As of September 2021, it is the fourth-largest credit union in Ohio by assets.

History 
It was founded as Superior Coach Employees Federal Credit Union in 1954 to serve employees of the Superior Coach Company, based in Lima, Ohio.  When Superior Coach Corporation closed in 1981, the credit union obtained a community charter expanding its membership eligibility to residents of the City of Lima, changing its name to Lima Superior Community Federal Credit Union.  During the 1980s it absorbed five other credit unions, and expanded its membership to employees of several other companies.

During 1990–1994 its field of membership expanded to encompass all of Allen County, and in 1999 to neighboring Auglaize County.  In 2004, it expanded into four more counties and renamed itself Superior Federal Credit Union.  During 1995–2014 it absorbed four more credit unions.  It increased from one to five locations during the 1990s, and had ten locations in 2012.  It expanded into mortgage services in 1999 and small business services in 2005.

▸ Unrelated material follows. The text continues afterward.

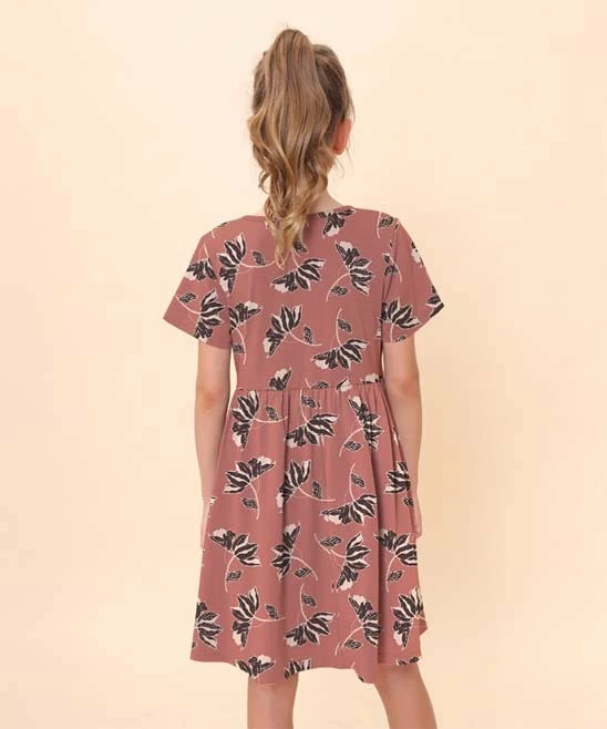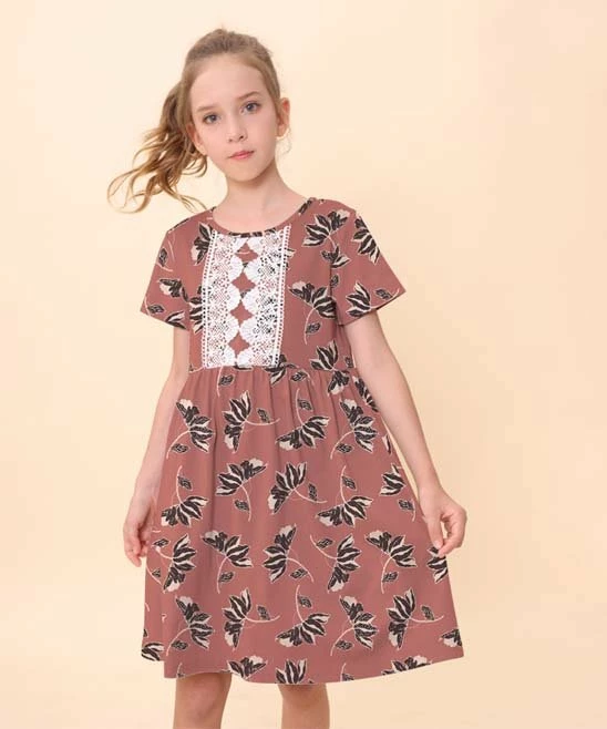 A lace overlay on the chest and small floral print lend this short-sleeve dress a vintage feel.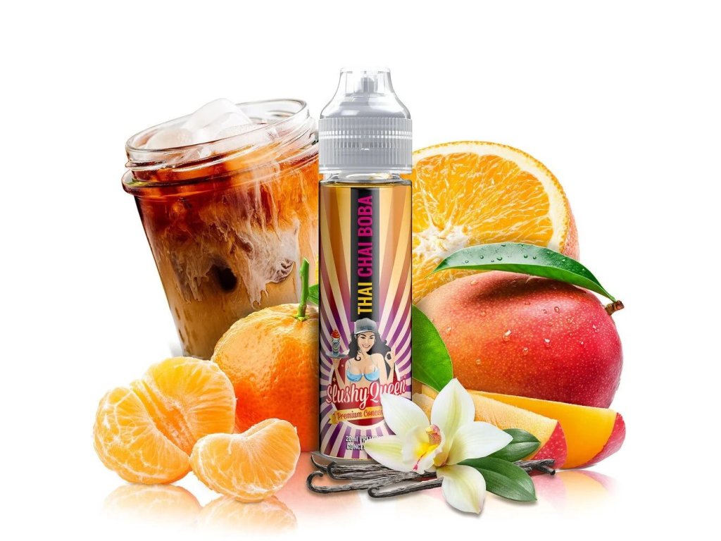 Slushy Queen Thai Chai Boba On The Roxx je thajský čaj s vanilkou, mangem, pomerančem a mandarinkou. Ideální letní osvěžení od PJ Empire!

In 2015, it changed from a federal charter to a state charter, renaming itself Superior Credit Union.  This change made it easier for the credit union to expand its geographic scope, as federal rules were directed towards metropolitan areas rather than rural areas.  Its scope expanded to 22 counties in western Ohio, and during 2015–2019 it absorbed six credit unions, allowing it to expand into the Cincinnati and Toledo metropolitan areas.  It tied for fourth in the number of mergers nationwide among credit unions during June 2016 to June 2021.  Many of these credit unions had not previously offered mortgage services, but provided means for growth in Superior's mortgage program.  It also purchased a bank branch in Clifton, Cincinnati, along with its accounts and deposits, a move which is unusual for a credit union but was possible due to its high capitalization.  It also expanded its real estate services by acquisition.

In 2019, it opened an educational branch in Bath High School staffed by students who had taken a personal finance or economics class, to promote good financial habits and careers in banking.  As of 2020, it donated half a million dollars to local charities each year.  Also in 2020, executive Kurt Neeper said that the credit union contacts members if they can refinance their mortgage to a lower rate, as a means of keeping their business.  In 2021, Cincinnati Bengals player Sam Hubbard became the credit union's brand ambassador.